Именно в данном контексте европейские державы рассматривали следующую фазу греческого кризиса. В феврале 1825 года разочарованный продолжающимся сопротивлением эллинов турецкий султан велел своему военачальнику, номинальному правителю Египта Мехмету Али, подавить восстание. В награду Мехмету пообещали Сирию, и очень скоро его многочисленное войско очутилось в Греции, сея разорение и смерть. По всему континенту сторонники греческой независимости стали призывать к войне против Турции. Новый русский царь тоже ощутил силу народного негодования. В апреле 1826 года Николай I в Санкт-Петербурге заключил соглашение с Британией: стороны договорились о посредничестве в Греции и отказались от любых коммерческих и территориальных претензий. Условия Аккерманской конвенции, заключенной полугодом позже, гласили, что, по мнению Британии, Франции и России, Греция должна стать полуавтономным вассальным государством Османской империи. Париж и Лондон надеялись, что сильная Греция не станет агентом русской экспансии, что она окажется непреодолимым барьером для амбиций Санкт-Петербурга; так или иначе, британский премьер-министр граф Грей больше был озабочен недопущением русских в Германию, чем ситуацией на Балканах. Сыграли свою роль и сообщения о зверствах турок на греческих землях.[558]
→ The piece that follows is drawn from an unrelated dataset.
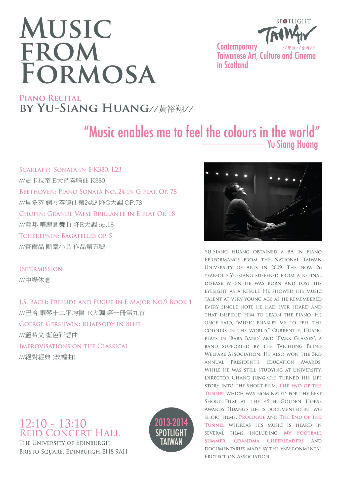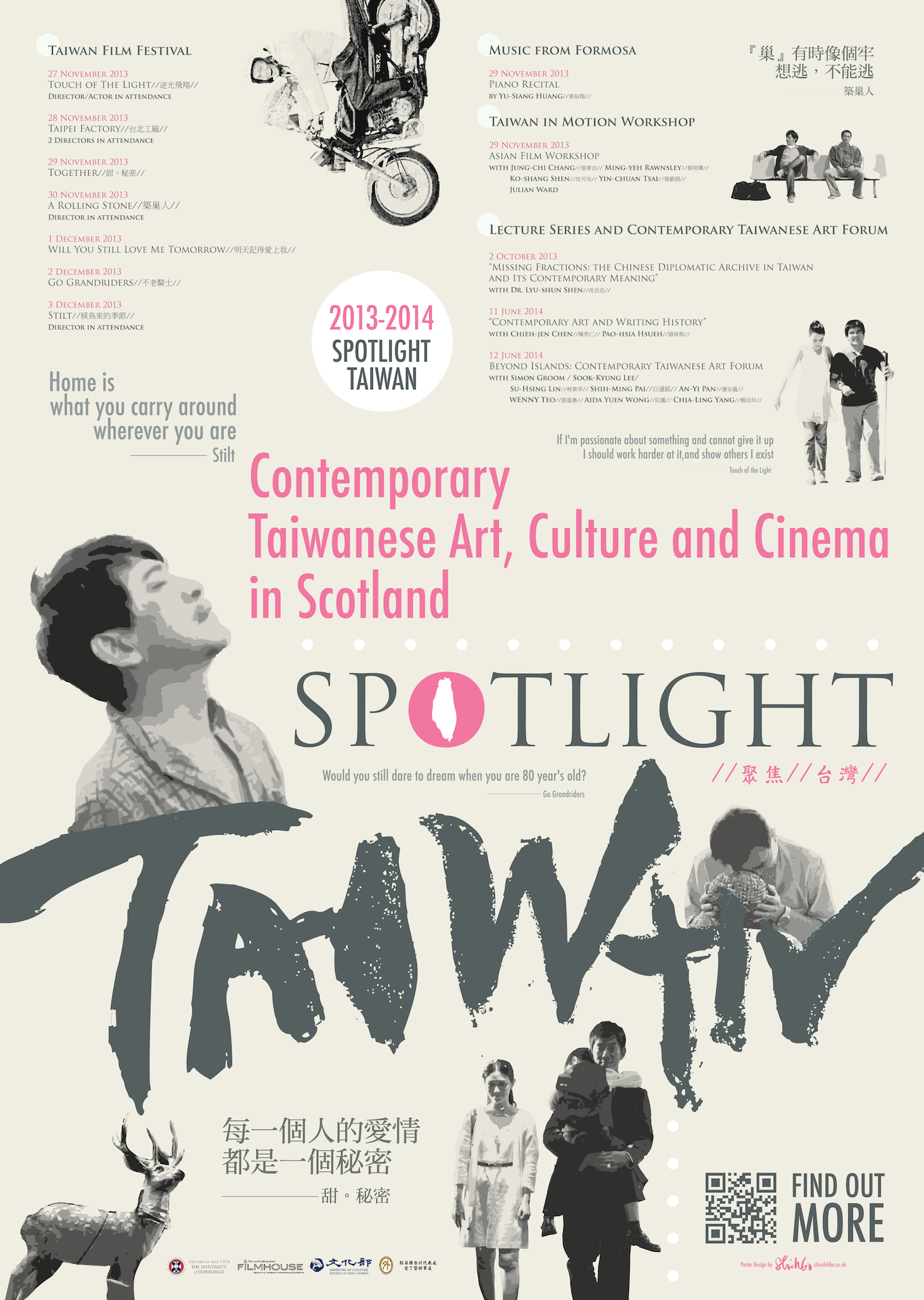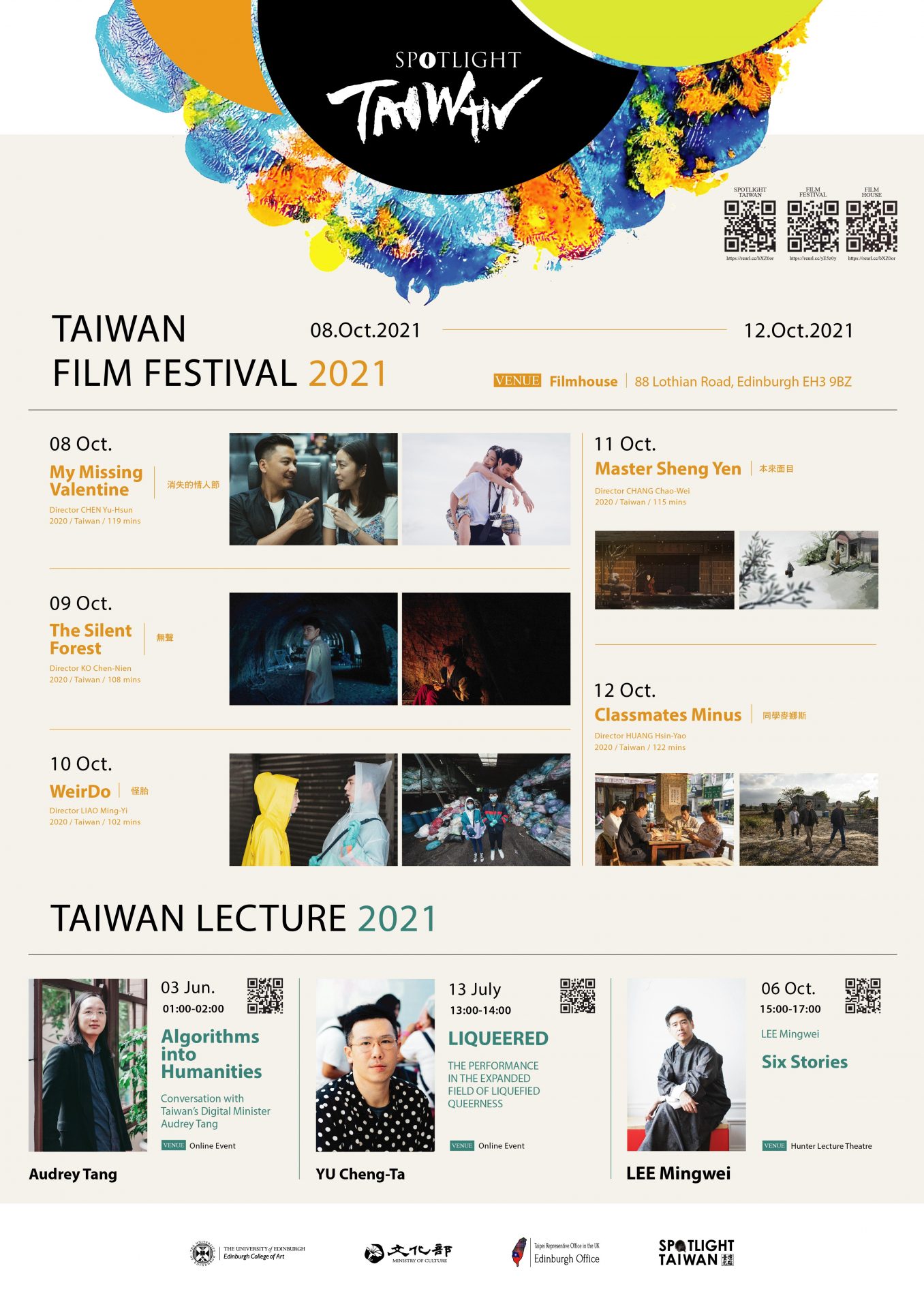 Programme 2025 2024 2023 2022 . Tehching Hsieh 2022 Spotlight Taiwan Filmfest Pei-hsin Cho and Su-Hsing Lin 2021 2021 Spotlight Taiwan Film Festival & Lectures Audrey Tang Yu Cheng-Ta Lee Mingwei 2020 2020 Spotlight Taiwan Film Festival & Poster Kao Chien-Hui Yuan Goang-Ming 2019 2019 Spotlight Taiwan Film Festival & Poster Shu Lea Cheang Ava Hsueh 2018 Wu Tzu-Ning Lin Ching-Hsuan 2017 Wu Mali Symposium 2017 Taiwan Showcase & Spotlight Taiwan poster 2015 Wang Jun-Jieh & Felix Schoeber 2013 – 2014

Первоначальное вмешательство ограничилось отправкой совместного англо-французского флота, который, уладив споры относительно командования, наголову разгромил турецко-египетские морские силы у мыса Наварин[559] в октябре 1827 года. В самом конце того же года султан Махмуд II решил упредить создание антиосманской коалиции и объявил священную войну (джихад) России. После непродолжительной военной кампании турок вынудили принять условия Адрианопольского договора в сентябре 1829 года. Греция обрела независимость, Валахия и Молдавия получили автономию, тогда как Россия сделала лишь весьма скромные территориальные приобретения на Кавказе.Международные споры об участи Испании, Италии, Греции и Латинской Америки на время отвлекают внимание от основной проблемы европейской политики, то есть будущего Германии. Пруссия воспринимала возрождение французского могущества в 1820-е годы с возрастающим беспокойством. Раздосадованный «австрийской апатией» новый прусский министр иностранных дел граф Берншторфф начал обхаживать мелкие немецкие государства, многие из которых опасались потенциальной агрессии со стороны обновленной Франции. Главным стремлением и главной целью напористой политики графа было создание Таможенного союза, организации не столько коммерческой, сколько политической и стратегической.[560]
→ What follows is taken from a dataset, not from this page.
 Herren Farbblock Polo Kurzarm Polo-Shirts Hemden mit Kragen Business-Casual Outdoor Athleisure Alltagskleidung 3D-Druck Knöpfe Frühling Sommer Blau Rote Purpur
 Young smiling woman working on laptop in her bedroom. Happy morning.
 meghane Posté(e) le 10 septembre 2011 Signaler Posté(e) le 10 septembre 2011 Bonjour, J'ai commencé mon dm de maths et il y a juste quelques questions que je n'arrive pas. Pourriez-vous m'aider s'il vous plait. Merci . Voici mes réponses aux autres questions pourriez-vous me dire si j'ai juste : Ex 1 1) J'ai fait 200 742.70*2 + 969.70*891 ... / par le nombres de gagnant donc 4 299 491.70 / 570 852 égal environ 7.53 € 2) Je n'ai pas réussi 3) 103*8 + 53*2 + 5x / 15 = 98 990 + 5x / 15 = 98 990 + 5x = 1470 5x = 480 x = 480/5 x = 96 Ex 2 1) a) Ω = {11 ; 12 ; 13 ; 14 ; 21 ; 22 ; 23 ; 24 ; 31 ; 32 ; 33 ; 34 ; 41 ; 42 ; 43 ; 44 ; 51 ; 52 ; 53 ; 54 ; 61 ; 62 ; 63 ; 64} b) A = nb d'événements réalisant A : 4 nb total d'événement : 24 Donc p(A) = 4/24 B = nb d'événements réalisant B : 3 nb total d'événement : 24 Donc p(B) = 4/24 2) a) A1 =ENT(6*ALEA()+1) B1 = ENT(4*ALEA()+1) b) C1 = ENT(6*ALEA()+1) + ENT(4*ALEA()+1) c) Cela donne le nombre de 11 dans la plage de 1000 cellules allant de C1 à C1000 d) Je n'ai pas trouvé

Прусский министр финансов Фридрих фон Мотц предсказывал, что «политическое единство» окажется «неизбежным следствием коммерческого союза». Он полагал, что идеальным исходом будет «единая, внутренне и внешне по-настоящему свободная Германия под прусским руководством и прусской защитой». Так впервые была озвучена связь между германским единством и безопасностью Пруссии.С другого берега Рейна французы с тревогой наблюдали за наращиванием немецкой военной мощи. Раздавались голоса, в особенности за пределами парламентских стен, призывавшие монарха и его министров пересмотреть как можно скорее ненавистные «соглашения 1815-го». Именно поэтому король Карл X изволил заметить, что «возможно, война против венского двора будет полезна для прекращения внутренних споров и займет народ в целом, как он того желает».[561]
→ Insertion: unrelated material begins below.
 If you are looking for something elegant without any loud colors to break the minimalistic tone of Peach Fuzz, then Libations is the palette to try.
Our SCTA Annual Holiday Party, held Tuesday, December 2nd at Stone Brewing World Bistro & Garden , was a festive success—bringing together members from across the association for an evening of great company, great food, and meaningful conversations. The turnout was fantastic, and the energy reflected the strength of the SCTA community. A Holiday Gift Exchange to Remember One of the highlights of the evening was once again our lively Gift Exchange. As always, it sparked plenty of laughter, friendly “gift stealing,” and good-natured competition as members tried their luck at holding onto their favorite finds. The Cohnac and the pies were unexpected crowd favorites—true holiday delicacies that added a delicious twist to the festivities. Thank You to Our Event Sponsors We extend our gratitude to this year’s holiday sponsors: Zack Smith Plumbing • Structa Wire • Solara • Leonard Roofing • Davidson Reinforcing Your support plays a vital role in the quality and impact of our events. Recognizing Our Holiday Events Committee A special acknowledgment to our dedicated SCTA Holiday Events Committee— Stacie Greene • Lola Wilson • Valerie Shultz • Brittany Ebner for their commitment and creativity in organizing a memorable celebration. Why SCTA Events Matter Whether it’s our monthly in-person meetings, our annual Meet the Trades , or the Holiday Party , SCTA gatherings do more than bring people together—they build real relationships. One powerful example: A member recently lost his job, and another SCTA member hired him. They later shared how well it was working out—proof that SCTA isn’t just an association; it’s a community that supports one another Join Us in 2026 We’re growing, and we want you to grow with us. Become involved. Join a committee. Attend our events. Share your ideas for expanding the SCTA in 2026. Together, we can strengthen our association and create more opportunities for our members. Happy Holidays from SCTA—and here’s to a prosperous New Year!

Но вместо того, чтобы нападать на Габсбургов, Франция атаковала слабеющих османов в Северной Африке. В начале июля 1830 года был захвачен Алжир – частично для того, чтобы покончить с берберскими пиратами, а отчасти для того, чтобы заполнить очевидный вакуум власти на южном фланге, пока не вмешалась какая-либо другая страна; в основном, впрочем, этот шаг предприняли ради того, чтобы укрепить положение правительства. Увы, война запоздала. В том же месяце накопившиеся обиды на внутреннюю политику восстановленной монархии и на ее неспособность обеспечить Франции «достойный» статус в Европе обернулись революцией. От основной линии дома Бурбонов избавились, и Луи-Филипп, герцог Орлеанский, взошел на трон как «гражданин король».